Copy the data exactly, pictures aside.

[Input data — start]

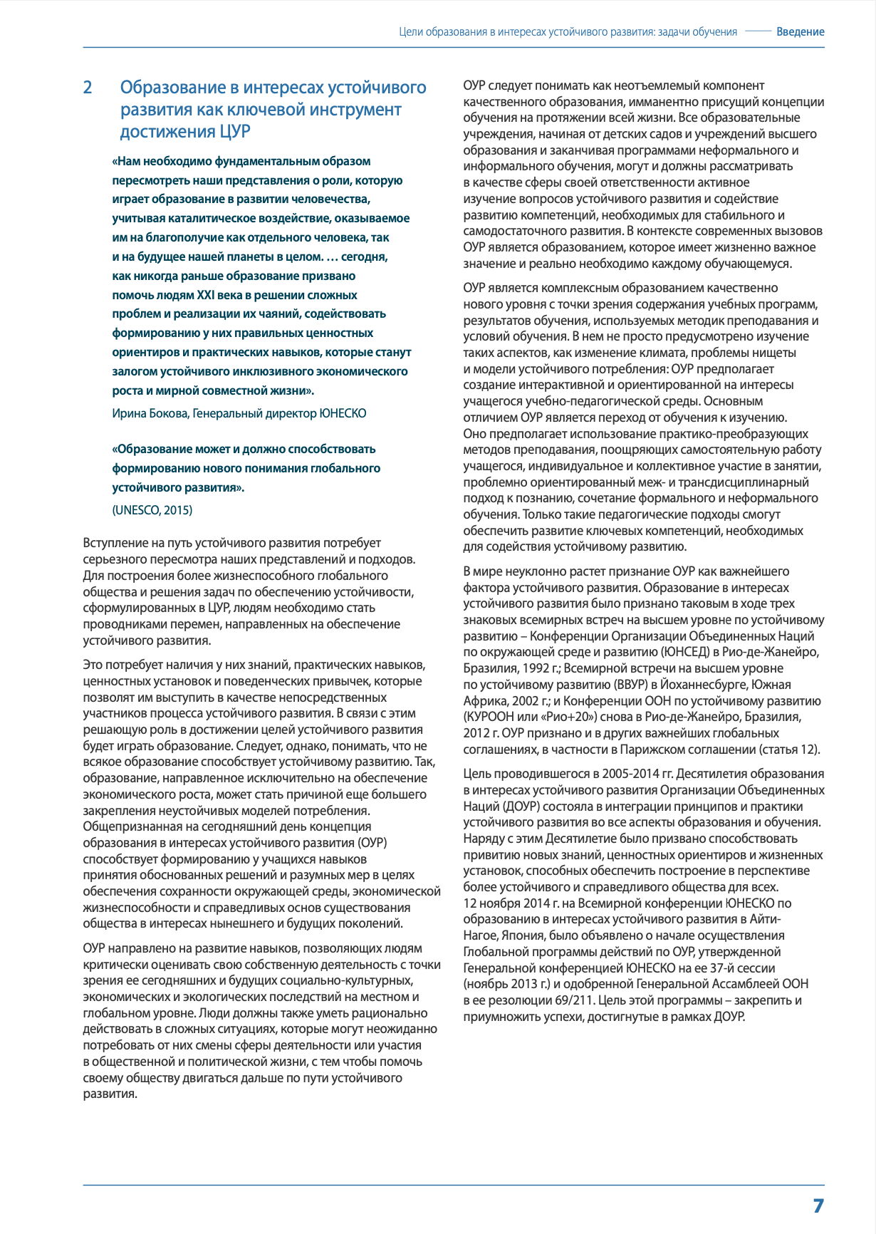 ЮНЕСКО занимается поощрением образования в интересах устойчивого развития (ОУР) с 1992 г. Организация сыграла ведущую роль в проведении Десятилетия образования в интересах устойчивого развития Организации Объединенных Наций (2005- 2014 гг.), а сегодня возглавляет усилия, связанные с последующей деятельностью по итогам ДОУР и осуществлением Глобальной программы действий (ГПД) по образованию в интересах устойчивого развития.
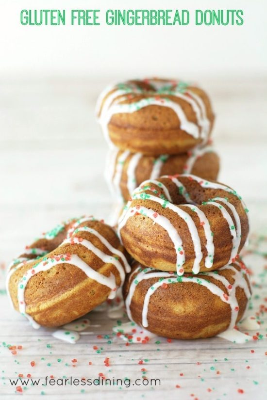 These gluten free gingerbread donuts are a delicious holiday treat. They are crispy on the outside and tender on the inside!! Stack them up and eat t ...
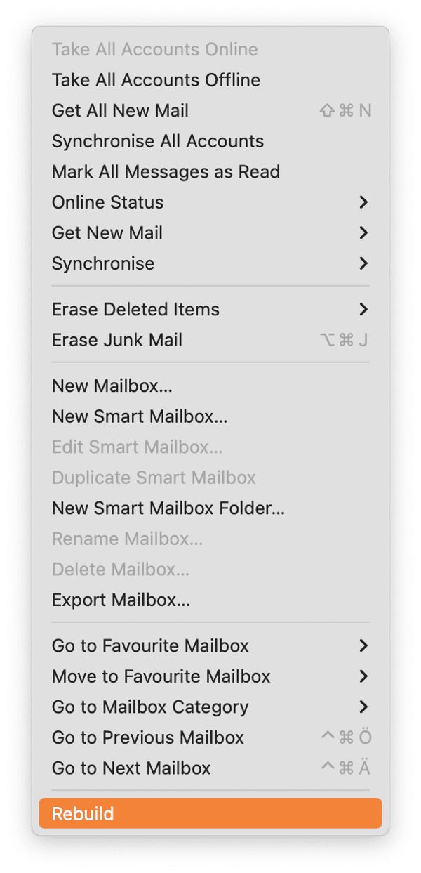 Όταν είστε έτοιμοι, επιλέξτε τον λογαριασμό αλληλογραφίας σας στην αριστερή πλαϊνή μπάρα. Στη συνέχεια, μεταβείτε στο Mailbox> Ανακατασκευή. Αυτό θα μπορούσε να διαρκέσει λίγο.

[Input data — finish]

-- Response for this exercise --
 ЮНЕСКО занимается поощрением образования в интересах устойчивого развития (ОУР) с 1992 г. Организация сыграла ведущую роль в проведении Десятилетия образования в интересах устойчивого развития Организации Объединенных Наций (2005- 2014 гг.), а сегодня возглавляет усилия, связанные с последующей деятельностью по итогам ДОУР и осуществлением Глобальной программы действий (ГПД) по образованию в интересах устойчивого развития.
 These gluten free gingerbread donuts are a delicious holiday treat. They are crispy on the outside and tender on the inside!! Stack them up and eat t ...
 Όταν είστε έτοιμοι, επιλέξτε τον λογαριασμό αλληλογραφίας σας στην αριστερή πλαϊνή μπάρα. Στη συνέχεια, μεταβείτε στο Mailbox> Ανακατασκευή. Αυτό θα μπορούσε να διαρκέσει λίγο.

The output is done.